I open White Magic Love Potions by Prunella R. Brown tentatively. A tasseled bookmark with five orange tabby kittens marks Love Potion Number Nine. Above the chapter’s title is written, “I cast a wish out to the universe, with all good intentions, and it came back to me as you, Linda. I’ll always believe in what we shared. I’ll always believe in love. I’ll always believe in you. Yours in love and light, Casie.”
I drop the book and run downstairs. I’m afraid the sobbing that wracks my body will wake the girls. I don’t stop until I’m outside, and throw myself to the ground and scream into the moist grass until my throat is raw. I roll onto my back, heedless of the cool air turning my skin to a landscape of goose flesh, and blink up at the stars through my tears. Slowly, I calm down. I stand, holding my arms as if I were holding someone and begin to slow dance on the grass. “I’m sorry,” I say quietly to Casie’s ghost, and then whisper the words I could never say when she was alive. “I love you, too.”

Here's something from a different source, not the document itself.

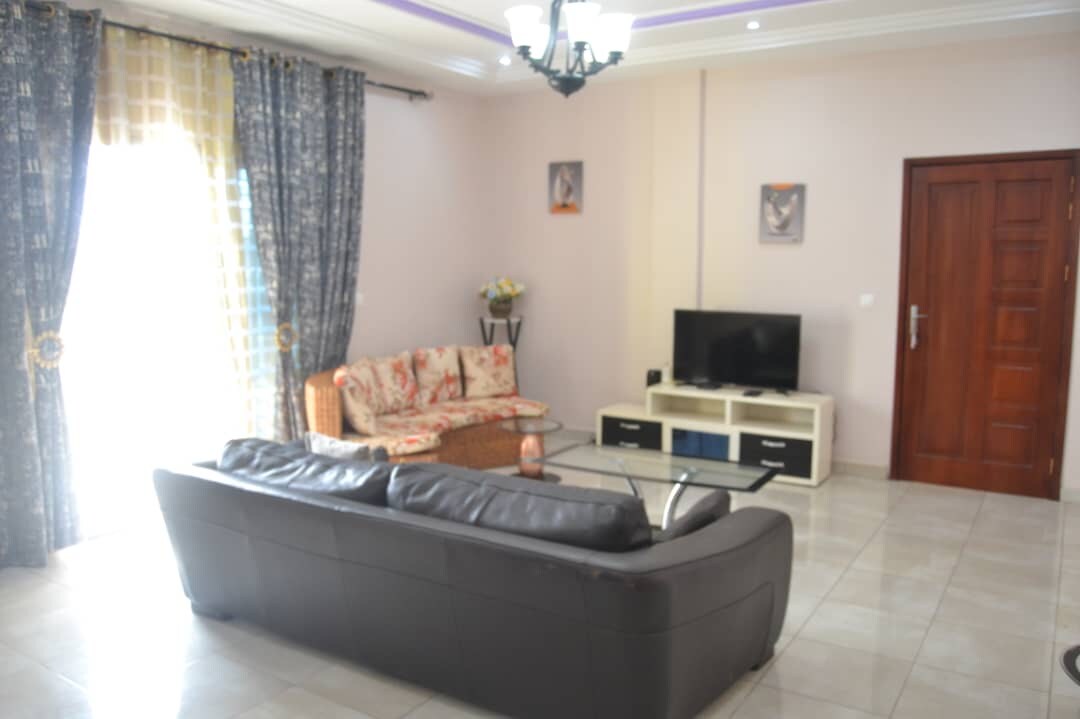 Genießen Sie mit der Familie diese fabelhafte Unterkunft, die 1 großes Wohnzimmer, 2 große Schlafzimmer, 2 Duschen mit warmem Wasser, 2 Balkone, eine große ausgestattete Küche bietet. Die gesamte Unterkunft verfügt über einen Luftkühler und einen Stromgenerator (im Falle eines Stromausfalls von Eneo). Sicherheit rund um die Uhr mit Sicherheitskamera in einer sehr ruhigen Gegend abseits vom Lärm des Stadtzentrums. 30 Minuten vom Flughafen NSI, 30 Minuten vom Stadtzentrum entfernt. Haushälterin steht Ihnen zur Verfügung.

Speaking the words does something inside. I feel a little bit like I did the night this all began, when we brandished our pens like swords. Something good will come from this.

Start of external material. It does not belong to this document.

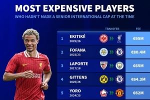 体育资讯7月28日讯 利物浦在上周已经官宣以9500万欧元签下埃基蒂克,而他至今尚未为法国队出战。《转会市场》也统计了那些在加盟时仍未能为成年国家队出场的历史最贵引援。

I sit by the garden, waiting, listening for what that good will be. The answer comes with the rising of the sun and my realization that denying the fact that I loved Casie has kept me from completely loving Marty.
When I get up to go inside it’s not because I’m cold or tired, though both are true, it’s because I need to call Marty and tell him I don’t want a divorce. I need to tell him I love him. It’s not the same kind of love I had for Casie, but it’s a good, solid love. The kind that can last a life time. I hope.